> _Exercise directions_:
The pictures are to be dropped, and the records below are to be restated word for word.
Start of Supplied data
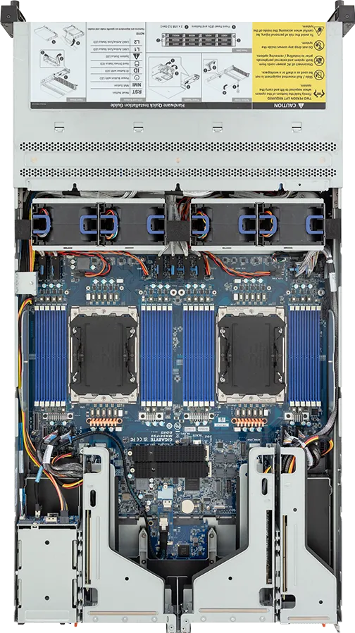 | Storage | Front hot-swap: 12 x 3.5″/2.5″ Gen5 NVMe/SATA/SAS-4 [1] – (4 x NVMe from CPU_0, 8 x NVMe from CPU_1) Rear hot-swap: 2 x 2.5″ SATA/SAS-4 [2] – (SATA from CPU_0, through I/O board) Internal M.2: 2 x M.2 (2280/22110), PCIe Gen5 x4, from CPU_0 Internal M.2 (I/O board – CDCR010): 1 x M.2 (2280), PCIe Gen5 x2, from CPU_0, occupied for SATA [1] SATAおよびSASドライブに対応するには、ストレージカードが必要です。 [2] SASドライブに対応するには、SASカードが必要です。 |
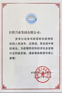 2020年12月,興業(yè)集團(tuán)榮獲“日照市抗擊新冠肺炎疫情先進(jìn)集團(tuán)”
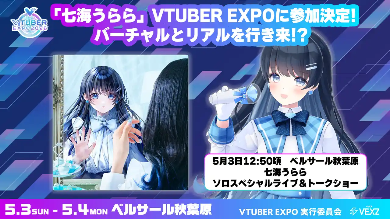 音楽系クリエイターエージェンシー『muchoo(読み:ムチュー)』のパラレルシンガー『七海うらら』のVTUBER EXPOへの出演が決定しました。リアルとバーチャルを行き来する彼女の、パラレルショーを体験できるソロスペシャルライブ&トークショーを開催いたします。七海うらら氏の出演は、2026年5月3日(日)12:50開始 を予定しております。 |
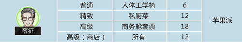 1、薛征:商务舱套票/私厨菜/人体工学椅。
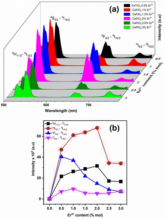Following the successful fabrication of the material, we proceeded to investigate its optical properties when doped with rare earth erbium (Er3+) ions. Samples doped with Er3+ at varying concentrations, ranging from 0.5% to 3%, were employed to investigate their optical properties. Figure 4a,b depict the UC luminescence spectra for all samples with an excitation wavelength of 980 nm. Upon 980 nm excitation, all samples show intense green UC emission bands at 523/550 nm (2H11/2→4I15/2/4S3/2→4I15/2), a faint red emission band at 650/680 nm (4F9/2→4I15/2), and a far-red band at 740 nm (4I9/2→4I15/2). Across all samples with different Er3+ doping concentrations, a robust green emission band and a diminishing red emission band are consistently observed. The dominant emissions are located in the green luminescence range for CaTiO3: Er3+ films. The comparative intensity of the three energy level transitions 4F9/2→4I15/2, 2H11/2→4I15/2, and 4S3/2→4I15/2 increases with increasing Er3+ concentration. The peak up-conversion (UC) emission intensity for the CaTiO3: Er3+ films was identified by upholding the optimal convergence of the Er3+ activator. The discernible red and blue emission peaks suggest enhanced conversion of infrared light to visible light, attributed to the synergistic effect of Er3+ ion co-doping in CaTiO3. This phenomenon notably broadens the emission spectrum in the visible region, expanding the range of electromagnetic waves emitted [28,29]. As illustrated in Figure 4a, the luminescence intensity of the material varies with the doping concentration. When the Er3+ dopant concentration is increased from 0.5% to 2%, the luminescence intensity also increases. However, further increasing the dopant concentration leads to a decrease in luminescence intensity. This phenomenon of intensity reduction is known as luminescence quenching.
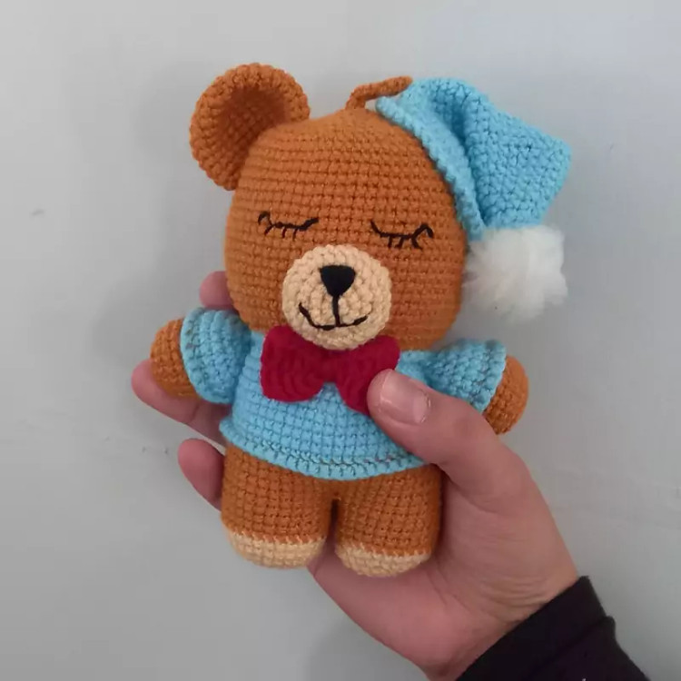 عروسک بافتنی خوابالو18سانتی بافت بارنگ دلخواه شما
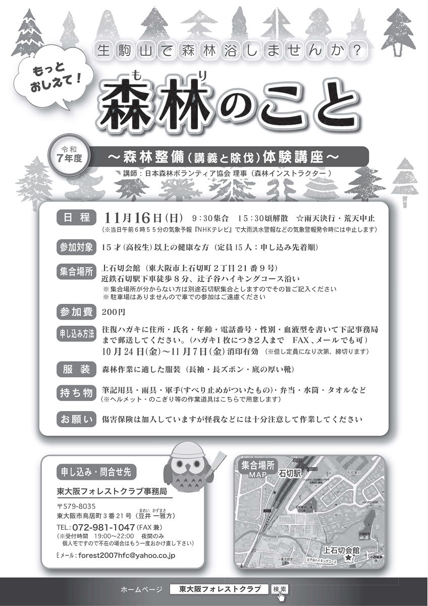 ・服装は、長袖・長ズボン・底の厚い靴等の森林整備作業に適した服装でおいで下さい。
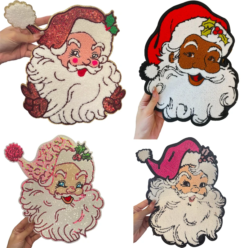 Grandes decoraciones navideñas para el hogar, parches bordados de toallas, parche de ciervo para árbol de Papá Noel, parches de hierro para ropa, parche de costura
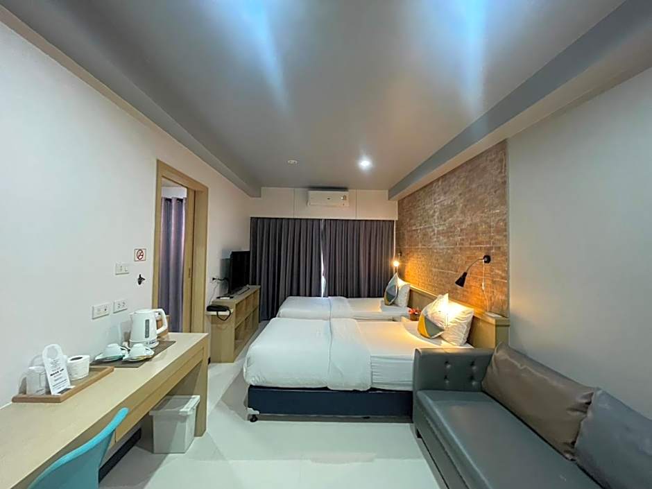 The Bangkok Boutique Resort Rangsit offers two types of rooms. The Large Twin Room is a spacious 377 sqft room with two twin beds and can accommodate 2 adults and 1 child. Smoking is not allowed in this room. The Deluxe King Room is the same size and can also accommodate 2 adults and 1 child, featuring a king size bed and no smoking is allowed.
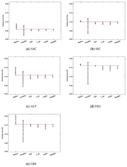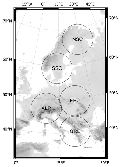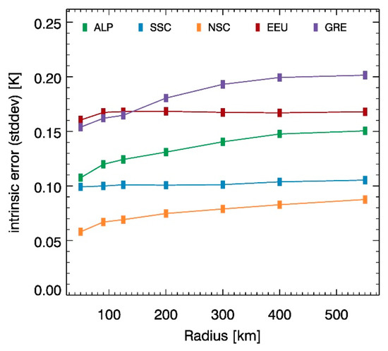 For regions with intrinsic errors that were identified to be more sensitive to changes in radius values (NSC, ALP, GRE), a strong increase in intrinsic error for lower radii up to about 200 or 300 km is observed; after this range of values, the intrinsic error tends to stabilize (Figure 4). For the EEU region, the increase in the sensitivity of intrinsic errors to changes in radius values occurs between 50 km to 90 km, then stabilizes for larger region sizes. For the SSC region, the intrinsic error remains stable over the whole range of tested radius values.
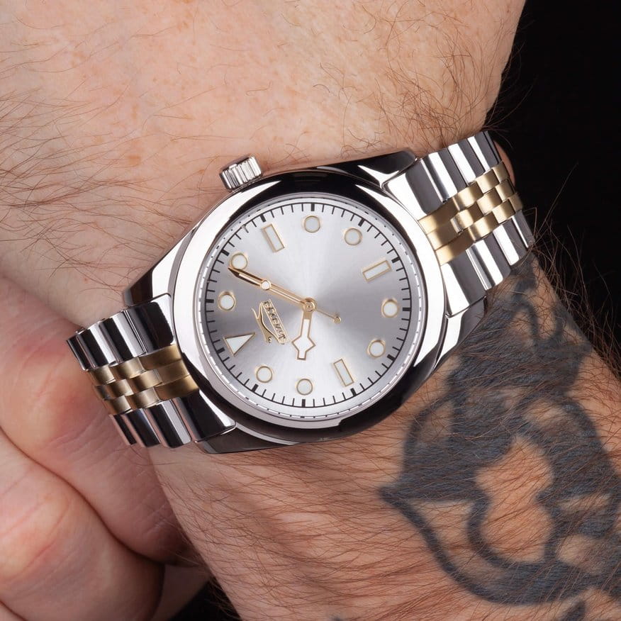 Мужские кварцевые часы Slazenger SL.09.2354.1.04 – идеальное сочетание классического дизайна и современных технологий, созданное для уверенных в себе мужчин. Корпус выполнен из суперметалла серебристого цвета, диаметром 41 мм и толщиной 12 мм, подчёркивает надежность модели и делает их идеальным аксессуаром для любой ситуации – будь то деловая встреча или повседневные выходы. Циферблат надёжно защищён минеральным стекломМинеральное стеклоМинеральное стекло представляет собой искусственно выращенный минерал кварца. Такое стекло отличается особой устойчивостью к повреждениям и царапинам. Уступает по некоторым качествам сапфировому стеклу., которое устойчиво к механическим повреждениям и сохраняет кристальную прозрачность. Браслет из суперметалла с частичным IP-покрытиемIP-покрытиеМетод ионного напыления. Демонстрирует повышенную устойчивость к истиранию, окислению и химическим веществам. Под воздействием высокого давления и температуры около 1500°C молекулы металла надёжно соединяются с частицами корпуса часов. удобно облегает запястье и фиксируется с помощью раскладной застёжкиРаскладная застёжкаТакой тип застёжки используется только на браслетах из металла. Она никогда не раскрывается полностью, происходит разделение на 2 и более частей. Раскладывающая застёжка снизит вероятность потери часов к минимуму., обеспечивая надёжность и комфорт в повседневном ношении. Стрелки и метки покрыты люминесцентным покрытиемЛюминесцентное покрытиеПозволяет считывать показания времени в темноте. Производители наносят на стрелки, часовые индексы, безель или поверхность циферблата светонакопительный состав, дающий холодное свечение., обеспечивающим отличную читаемость в темноте. Эти часы станут не просто аксессуаром, а надежным спутником в любой ситуации, подчеркивая ваш безупречный вкус и деловой стиль. Водозащита до 50 метров позволит защитить корпус от случайных брызг или капель дождя.
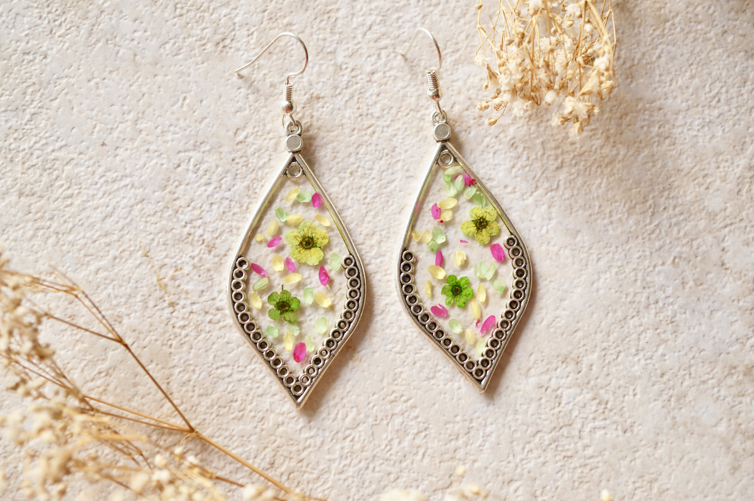 These earrings are handmade with real pressed flowers encased in resin. Surrounded by a beautiful silver frame, these earrings are like wearing a piece of nature. Ear hooks are nickel free zinc alloy, great for sensitive ears.
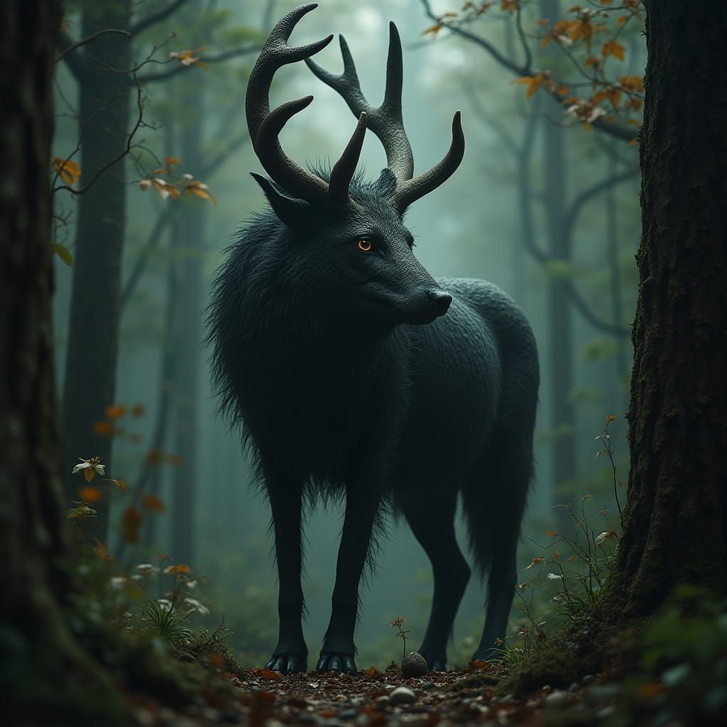 A digital painting of a mythical Ao Ao creature from Guarani legend. The wolf-sheep hybrid with boar-like features stands in a dark jungle, rendered with dark textures in a surreal biomechanical style.
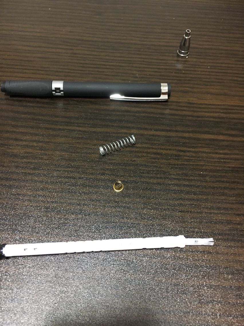 ただしカットしすぎると今度はバネの力が弱くなりすぎるので、慎重に先端から徐々にカットし、ラミーのバネと交換し、ノックの返りを確かめる必要あり。
End of Supplied data
> _Written answer_:
 | Storage | Front hot-swap: 12 x 3.5″/2.5″ Gen5 NVMe/SATA/SAS-4 [1] – (4 x NVMe from CPU_0, 8 x NVMe from CPU_1) Rear hot-swap: 2 x 2.5″ SATA/SAS-4 [2] – (SATA from CPU_0, through I/O board) Internal M.2: 2 x M.2 (2280/22110), PCIe Gen5 x4, from CPU_0 Internal M.2 (I/O board – CDCR010): 1 x M.2 (2280), PCIe Gen5 x2, from CPU_0, occupied for SATA [1] SATAおよびSASドライブに対応するには、ストレージカードが必要です。 [2] SASドライブに対応するには、SASカードが必要です。 |
 2020年12月,興業(yè)集團(tuán)榮獲“日照市抗擊新冠肺炎疫情先進(jìn)集團(tuán)”
 音楽系クリエイターエージェンシー『muchoo(読み:ムチュー)』のパラレルシンガー『七海うらら』のVTUBER EXPOへの出演が決定しました。リアルとバーチャルを行き来する彼女の、パラレルショーを体験できるソロスペシャルライブ&トークショーを開催いたします。七海うらら氏の出演は、2026年5月3日(日)12:50開始 を予定しております。 |
 1、薛征:商务舱套票/私厨菜/人体工学椅。
Following the successful fabrication of the material, we proceeded to investigate its optical properties when doped with rare earth erbium (Er3+) ions. Samples doped with Er3+ at varying concentrations, ranging from 0.5% to 3%, were employed to investigate their optical properties. Figure 4a,b depict the UC luminescence spectra for all samples with an excitation wavelength of 980 nm. Upon 980 nm excitation, all samples show intense green UC emission bands at 523/550 nm (2H11/2→4I15/2/4S3/2→4I15/2), a faint red emission band at 650/680 nm (4F9/2→4I15/2), and a far-red band at 740 nm (4I9/2→4I15/2). Across all samples with different Er3+ doping concentrations, a robust green emission band and a diminishing red emission band are consistently observed. The dominant emissions are located in the green luminescence range for CaTiO3: Er3+ films. The comparative intensity of the three energy level transitions 4F9/2→4I15/2, 2H11/2→4I15/2, and 4S3/2→4I15/2 increases with increasing Er3+ concentration. The peak up-conversion (UC) emission intensity for the CaTiO3: Er3+ films was identified by upholding the optimal convergence of the Er3+ activator. The discernible red and blue emission peaks suggest enhanced conversion of infrared light to visible light, attributed to the synergistic effect of Er3+ ion co-doping in CaTiO3. This phenomenon notably broadens the emission spectrum in the visible region, expanding the range of electromagnetic waves emitted [28,29]. As illustrated in Figure 4a, the luminescence intensity of the material varies with the doping concentration. When the Er3+ dopant concentration is increased from 0.5% to 2%, the luminescence intensity also increases. However, further increasing the dopant concentration leads to a decrease in luminescence intensity. This phenomenon of intensity reduction is known as luminescence quenching.
 عروسک بافتنی خوابالو18سانتی بافت بارنگ دلخواه شما
 ・服装は、長袖・長ズボン・底の厚い靴等の森林整備作業に適した服装でおいで下さい。
 Grandes decoraciones navideñas para el hogar, parches bordados de toallas, parche de ciervo para árbol de Papá Noel, parches de hierro para ropa, parche de costura
 The Bangkok Boutique Resort Rangsit offers two types of rooms. The Large Twin Room is a spacious 377 sqft room with two twin beds and can accommodate 2 adults and 1 child. Smoking is not allowed in this room. The Deluxe King Room is the same size and can also accommodate 2 adults and 1 child, featuring a king size bed and no smoking is allowed.
 For regions with intrinsic errors that were identified to be more sensitive to changes in radius values (NSC, ALP, GRE), a strong increase in intrinsic error for lower radii up to about 200 or 300 km is observed; after this range of values, the intrinsic error tends to stabilize (Figure 4). For the EEU region, the increase in the sensitivity of intrinsic errors to changes in radius values occurs between 50 km to 90 km, then stabilizes for larger region sizes. For the SSC region, the intrinsic error remains stable over the whole range of tested radius values.
 Мужские кварцевые часы Slazenger SL.09.2354.1.04 – идеальное сочетание классического дизайна и современных технологий, созданное для уверенных в себе мужчин. Корпус выполнен из суперметалла серебристого цвета, диаметром 41 мм и толщиной 12 мм, подчёркивает надежность модели и делает их идеальным аксессуаром для любой ситуации – будь то деловая встреча или повседневные выходы. Циферблат надёжно защищён минеральным стекломМинеральное стеклоМинеральное стекло представляет собой искусственно выращенный минерал кварца. Такое стекло отличается особой устойчивостью к повреждениям и царапинам. Уступает по некоторым качествам сапфировому стеклу., которое устойчиво к механическим повреждениям и сохраняет кристальную прозрачность. Браслет из суперметалла с частичным IP-покрытиемIP-покрытиеМетод ионного напыления. Демонстрирует повышенную устойчивость к истиранию, окислению и химическим веществам. Под воздействием высокого давления и температуры около 1500°C молекулы металла надёжно соединяются с частицами корпуса часов. удобно облегает запястье и фиксируется с помощью раскладной застёжкиРаскладная застёжкаТакой тип застёжки используется только на браслетах из металла. Она никогда не раскрывается полностью, происходит разделение на 2 и более частей. Раскладывающая застёжка снизит вероятность потери часов к минимуму., обеспечивая надёжность и комфорт в повседневном ношении. Стрелки и метки покрыты люминесцентным покрытиемЛюминесцентное покрытиеПозволяет считывать показания времени в темноте. Производители наносят на стрелки, часовые индексы, безель или поверхность циферблата светонакопительный состав, дающий холодное свечение., обеспечивающим отличную читаемость в темноте. Эти часы станут не просто аксессуаром, а надежным спутником в любой ситуации, подчеркивая ваш безупречный вкус и деловой стиль. Водозащита до 50 метров позволит защитить корпус от случайных брызг или капель дождя.
 These earrings are handmade with real pressed flowers encased in resin. Surrounded by a beautiful silver frame, these earrings are like wearing a piece of nature. Ear hooks are nickel free zinc alloy, great for sensitive ears.
 A digital painting of a mythical Ao Ao creature from Guarani legend. The wolf-sheep hybrid with boar-like features stands in a dark jungle, rendered with dark textures in a surreal biomechanical style.
 ただしカットしすぎると今度はバネの力が弱くなりすぎるので、慎重に先端から徐々にカットし、ラミーのバネと交換し、ノックの返りを確かめる必要あり。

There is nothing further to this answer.